When you reach the line in the data below that contains "多肉ちゃんも春の気候に 誘われてお花をつけました🌼 陽当たりは暑いくらいの", please start repeating lines exactly, and stop after the line that contains "Es compatible con", repeating nothing else.

===== Input records

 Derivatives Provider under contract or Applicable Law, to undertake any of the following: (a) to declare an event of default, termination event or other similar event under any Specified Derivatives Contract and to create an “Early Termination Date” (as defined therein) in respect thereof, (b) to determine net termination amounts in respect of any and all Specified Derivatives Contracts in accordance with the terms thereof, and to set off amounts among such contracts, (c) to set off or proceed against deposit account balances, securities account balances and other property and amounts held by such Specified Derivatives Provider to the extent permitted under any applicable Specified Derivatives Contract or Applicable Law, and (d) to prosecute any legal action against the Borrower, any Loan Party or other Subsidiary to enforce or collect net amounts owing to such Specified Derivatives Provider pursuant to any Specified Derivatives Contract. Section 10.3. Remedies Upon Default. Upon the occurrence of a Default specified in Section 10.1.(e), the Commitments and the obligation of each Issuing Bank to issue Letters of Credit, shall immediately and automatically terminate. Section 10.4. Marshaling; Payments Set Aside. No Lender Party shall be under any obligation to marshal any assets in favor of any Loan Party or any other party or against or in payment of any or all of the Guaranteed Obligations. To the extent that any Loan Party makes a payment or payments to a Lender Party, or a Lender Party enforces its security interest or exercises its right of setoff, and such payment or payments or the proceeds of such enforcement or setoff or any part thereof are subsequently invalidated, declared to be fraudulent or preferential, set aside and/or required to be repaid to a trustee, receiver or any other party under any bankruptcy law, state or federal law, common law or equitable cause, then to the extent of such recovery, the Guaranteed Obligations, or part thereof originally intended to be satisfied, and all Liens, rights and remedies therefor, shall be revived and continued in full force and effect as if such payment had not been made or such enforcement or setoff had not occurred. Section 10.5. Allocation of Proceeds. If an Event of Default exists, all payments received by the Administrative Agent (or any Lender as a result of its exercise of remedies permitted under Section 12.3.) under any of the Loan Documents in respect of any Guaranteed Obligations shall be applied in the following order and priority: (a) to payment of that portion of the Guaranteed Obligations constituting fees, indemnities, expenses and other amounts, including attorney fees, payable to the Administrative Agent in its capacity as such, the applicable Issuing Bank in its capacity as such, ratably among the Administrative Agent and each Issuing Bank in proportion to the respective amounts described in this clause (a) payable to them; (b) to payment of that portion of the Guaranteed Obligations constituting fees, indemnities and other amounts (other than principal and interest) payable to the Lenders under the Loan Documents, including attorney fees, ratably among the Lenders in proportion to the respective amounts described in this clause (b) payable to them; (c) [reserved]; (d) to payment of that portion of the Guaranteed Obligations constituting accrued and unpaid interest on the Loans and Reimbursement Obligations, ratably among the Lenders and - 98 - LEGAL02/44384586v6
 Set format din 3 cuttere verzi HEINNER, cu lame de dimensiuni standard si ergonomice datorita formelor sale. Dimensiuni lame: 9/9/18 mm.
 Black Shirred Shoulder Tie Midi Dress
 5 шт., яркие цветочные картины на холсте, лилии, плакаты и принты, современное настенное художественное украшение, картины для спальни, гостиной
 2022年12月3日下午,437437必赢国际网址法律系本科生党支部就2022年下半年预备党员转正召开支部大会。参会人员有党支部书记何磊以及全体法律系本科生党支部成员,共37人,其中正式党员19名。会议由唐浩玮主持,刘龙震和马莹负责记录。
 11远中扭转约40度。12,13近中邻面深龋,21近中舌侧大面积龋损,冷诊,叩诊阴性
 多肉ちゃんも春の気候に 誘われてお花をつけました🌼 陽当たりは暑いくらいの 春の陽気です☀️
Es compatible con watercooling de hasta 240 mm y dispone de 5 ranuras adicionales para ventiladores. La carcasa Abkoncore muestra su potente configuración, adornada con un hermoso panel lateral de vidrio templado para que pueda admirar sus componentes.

==========
===== Input records

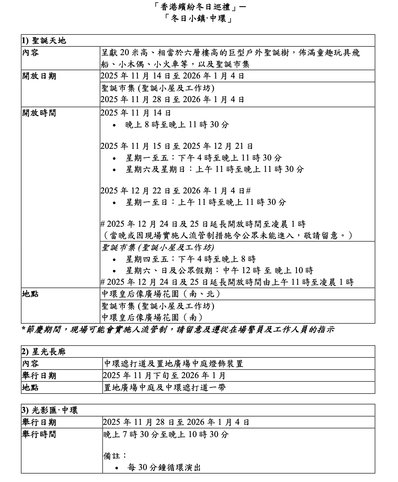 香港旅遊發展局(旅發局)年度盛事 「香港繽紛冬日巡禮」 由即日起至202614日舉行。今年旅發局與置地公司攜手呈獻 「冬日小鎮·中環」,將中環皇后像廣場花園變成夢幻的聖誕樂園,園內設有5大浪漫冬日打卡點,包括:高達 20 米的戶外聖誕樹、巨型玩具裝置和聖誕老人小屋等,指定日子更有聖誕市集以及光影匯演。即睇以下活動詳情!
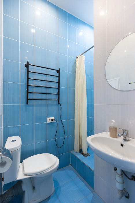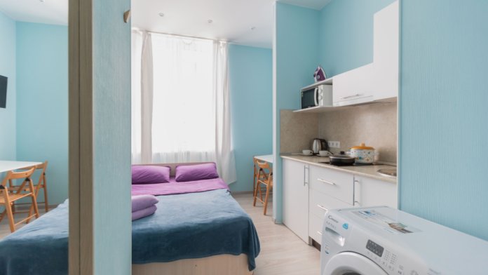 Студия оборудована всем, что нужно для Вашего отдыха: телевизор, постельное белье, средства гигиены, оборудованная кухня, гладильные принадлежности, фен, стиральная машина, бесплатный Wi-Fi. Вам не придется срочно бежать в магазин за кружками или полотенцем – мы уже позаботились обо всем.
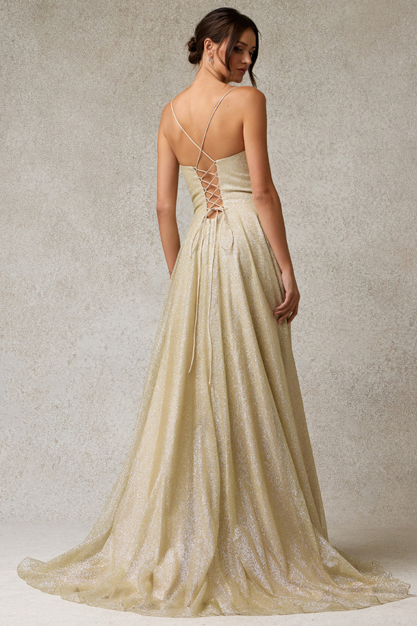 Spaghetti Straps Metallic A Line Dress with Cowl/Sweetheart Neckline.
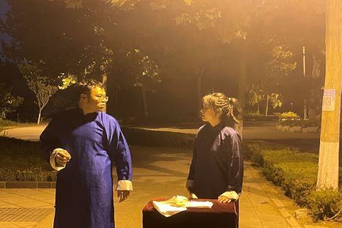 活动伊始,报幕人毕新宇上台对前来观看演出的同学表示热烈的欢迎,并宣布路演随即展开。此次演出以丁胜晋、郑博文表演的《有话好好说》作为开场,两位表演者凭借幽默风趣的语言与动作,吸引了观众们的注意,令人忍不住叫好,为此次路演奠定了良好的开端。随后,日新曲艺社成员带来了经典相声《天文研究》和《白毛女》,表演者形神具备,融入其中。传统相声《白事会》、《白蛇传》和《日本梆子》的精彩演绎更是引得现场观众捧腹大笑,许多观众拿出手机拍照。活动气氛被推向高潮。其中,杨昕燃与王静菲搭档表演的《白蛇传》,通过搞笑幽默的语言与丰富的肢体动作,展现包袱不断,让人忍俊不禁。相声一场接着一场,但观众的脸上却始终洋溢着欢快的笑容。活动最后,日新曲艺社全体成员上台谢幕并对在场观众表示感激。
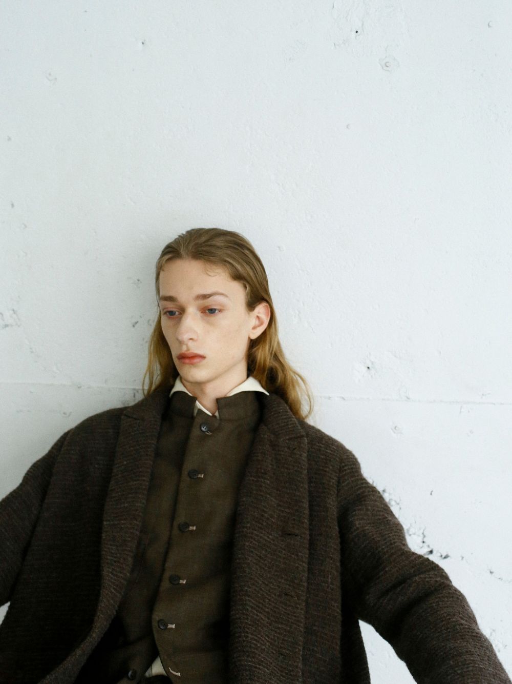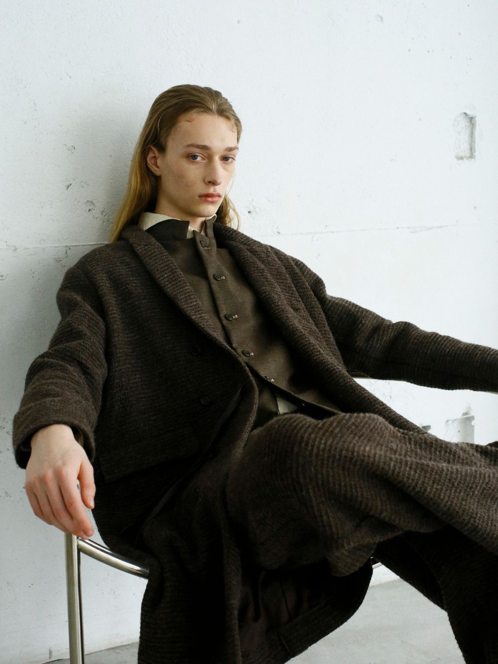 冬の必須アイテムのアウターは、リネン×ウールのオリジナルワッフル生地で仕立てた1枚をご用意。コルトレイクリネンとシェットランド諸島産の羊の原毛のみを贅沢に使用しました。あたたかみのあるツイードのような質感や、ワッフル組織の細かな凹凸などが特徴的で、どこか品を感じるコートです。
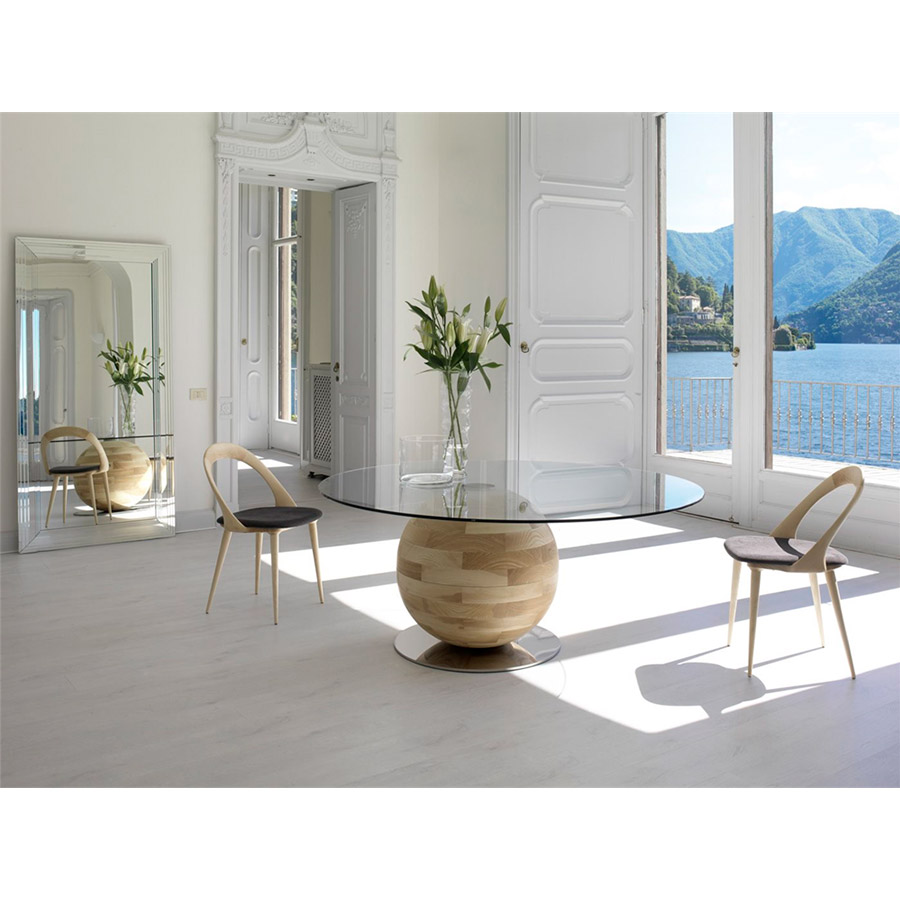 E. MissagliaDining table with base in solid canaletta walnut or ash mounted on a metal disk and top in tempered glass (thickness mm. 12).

==========
===== Input records

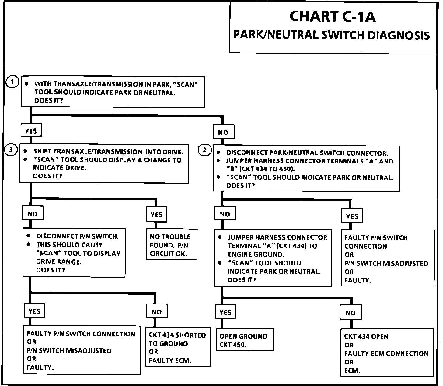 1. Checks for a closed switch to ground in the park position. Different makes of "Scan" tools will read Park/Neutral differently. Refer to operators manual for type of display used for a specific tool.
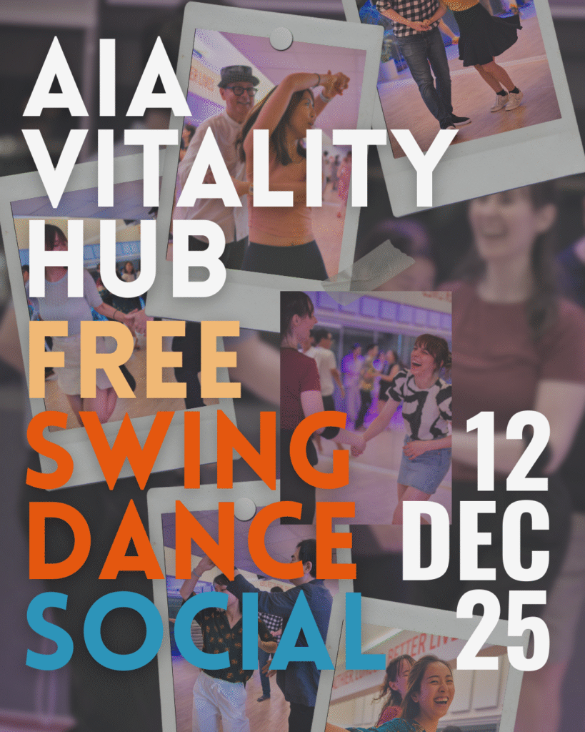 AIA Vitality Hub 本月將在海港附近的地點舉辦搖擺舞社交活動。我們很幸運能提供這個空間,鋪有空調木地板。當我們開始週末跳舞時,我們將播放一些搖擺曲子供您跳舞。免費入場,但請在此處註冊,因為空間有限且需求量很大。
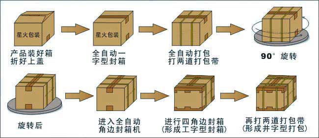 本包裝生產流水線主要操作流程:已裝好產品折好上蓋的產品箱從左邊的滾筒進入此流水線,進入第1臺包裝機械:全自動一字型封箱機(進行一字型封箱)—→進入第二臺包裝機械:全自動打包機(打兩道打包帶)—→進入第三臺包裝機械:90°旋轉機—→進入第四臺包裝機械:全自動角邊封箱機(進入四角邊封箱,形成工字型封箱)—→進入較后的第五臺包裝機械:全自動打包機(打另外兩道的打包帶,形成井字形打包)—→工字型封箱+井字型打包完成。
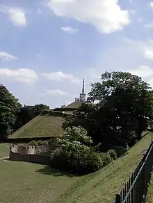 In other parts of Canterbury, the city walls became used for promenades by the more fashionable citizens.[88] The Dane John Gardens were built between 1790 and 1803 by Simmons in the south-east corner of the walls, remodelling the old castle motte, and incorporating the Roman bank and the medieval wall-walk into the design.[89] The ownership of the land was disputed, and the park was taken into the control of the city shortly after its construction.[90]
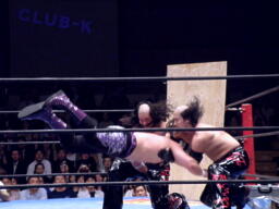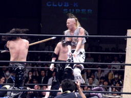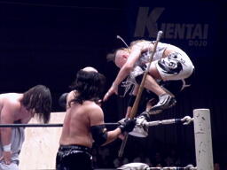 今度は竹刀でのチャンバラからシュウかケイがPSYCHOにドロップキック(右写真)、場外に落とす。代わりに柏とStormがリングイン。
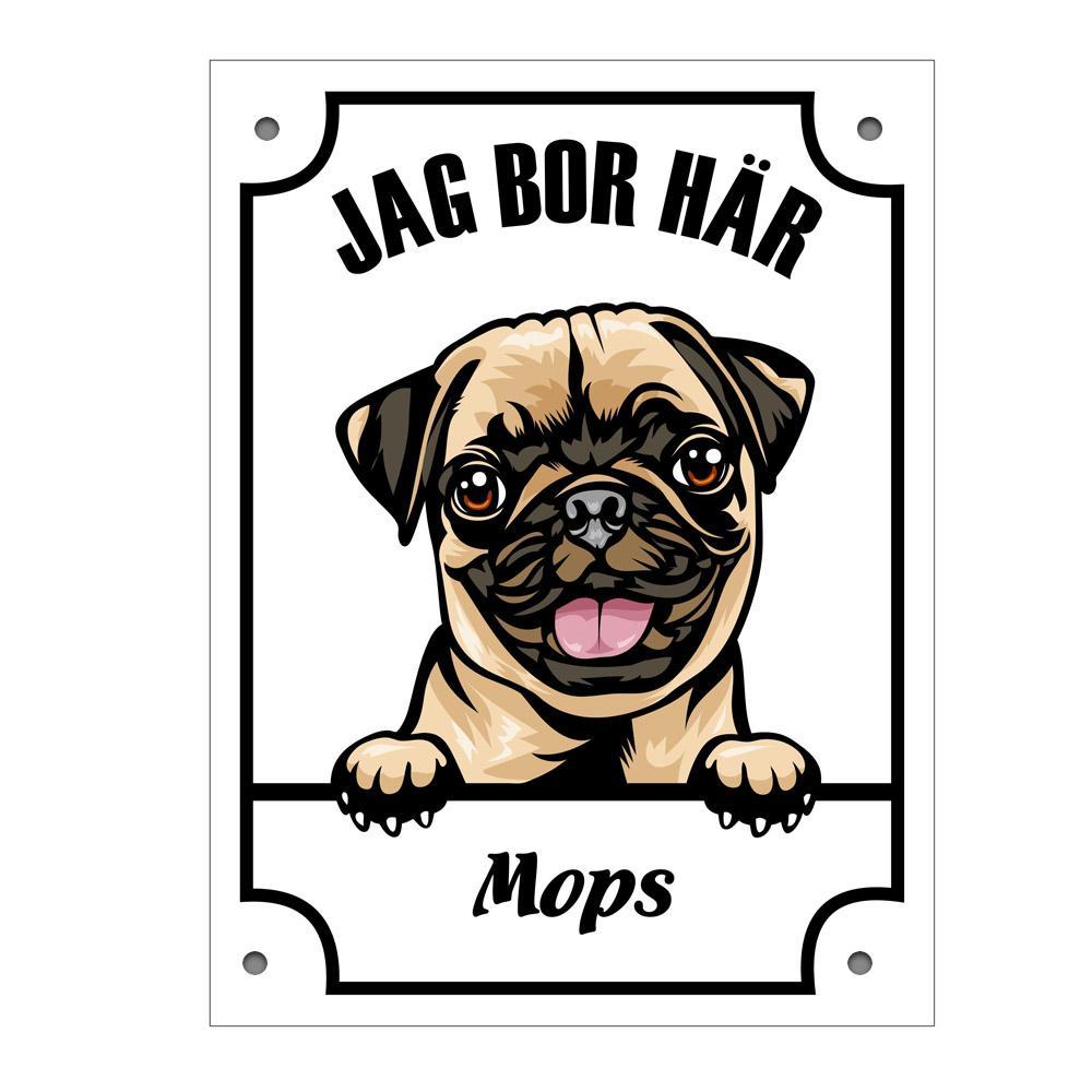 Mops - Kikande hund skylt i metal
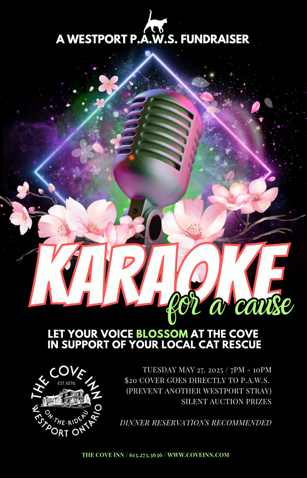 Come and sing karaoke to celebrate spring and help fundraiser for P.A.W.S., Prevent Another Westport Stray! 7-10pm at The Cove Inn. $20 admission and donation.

==========

▶ **Your solution**:
 多肉ちゃんも春の気候に 誘われてお花をつけました🌼 陽当たりは暑いくらいの 春の陽気です☀️
Es compatible con watercooling de hasta 240 mm y dispone de 5 ranuras adicionales para ventiladores. La carcasa Abkoncore muestra su potente configuración, adornada con un hermoso panel lateral de vidrio templado para que pueda admirar sus componentes.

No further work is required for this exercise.